■ Recorded data
BEGIN

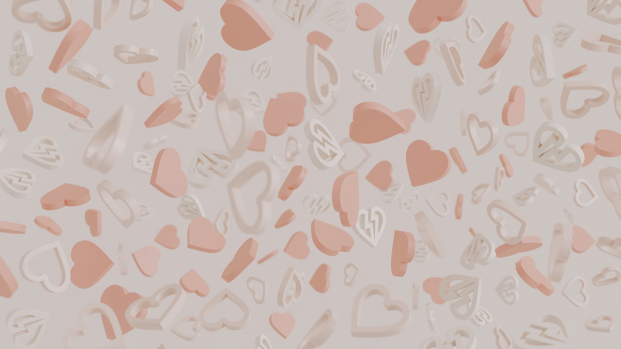 Обои: День святого Валентина, сердечки, бежевый - 2560x1440
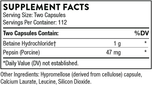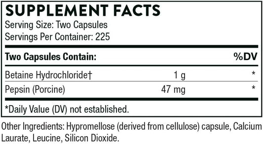 Thorne Betaine HCL & Pepsin, 225 Capsules
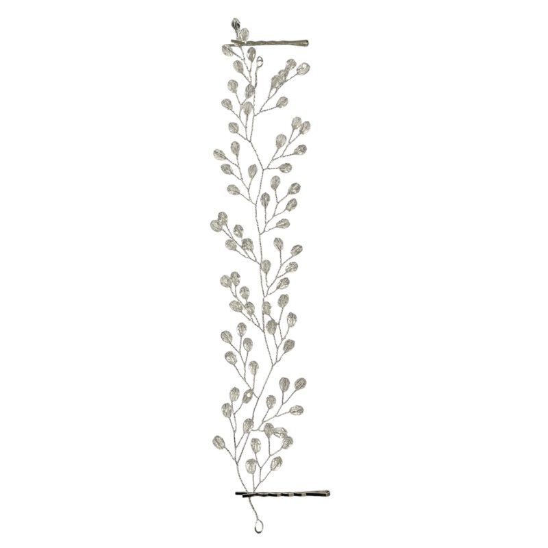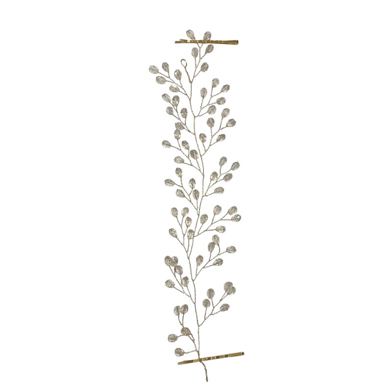 Νυφικό αξεσουάρ μαλλιών με μεταλλικό σύρμα ντυμένο με λαμπερά κρύσταλλα σε σχέδιο σαν φυλλαράκια. Διατίθεται σε χρυσό και ασημί χρώμα. Το συγκεκριμένο νυφικό αξεσουάρ διαθέτει τσιμπιδάκια στα πλαϊνά του για να το στολίσετε με ευκολία στα μαλλιά και το πέπλο σας. Ένα ιδιαίτερο αξεσουάρ μαλλιών, όπου τα διακριτικά του στρας θα αναδείξουν την κομψότητα του νυφικού σας και θα σας εγγυάται ένα Bridal look με λάμψη και στυλ. Ιδανικό και για επαγγελματίες.

END

■ Activity
Would you please set down the data above again exactly, without its pictures?

■ Solution
 Обои: День святого Валентина, сердечки, бежевый - 2560x1440
 Thorne Betaine HCL & Pepsin, 225 Capsules
 Νυφικό αξεσουάρ μαλλιών με μεταλλικό σύρμα ντυμένο με λαμπερά κρύσταλλα σε σχέδιο σαν φυλλαράκια. Διατίθεται σε χρυσό και ασημί χρώμα. Το συγκεκριμένο νυφικό αξεσουάρ διαθέτει τσιμπιδάκια στα πλαϊνά του για να το στολίσετε με ευκολία στα μαλλιά και το πέπλο σας. Ένα ιδιαίτερο αξεσουάρ μαλλιών, όπου τα διακριτικά του στρας θα αναδείξουν την κομψότητα του νυφικού σας και θα σας εγγυάται ένα Bridal look με λάμψη και στυλ. Ιδανικό και για επαγγελματίες.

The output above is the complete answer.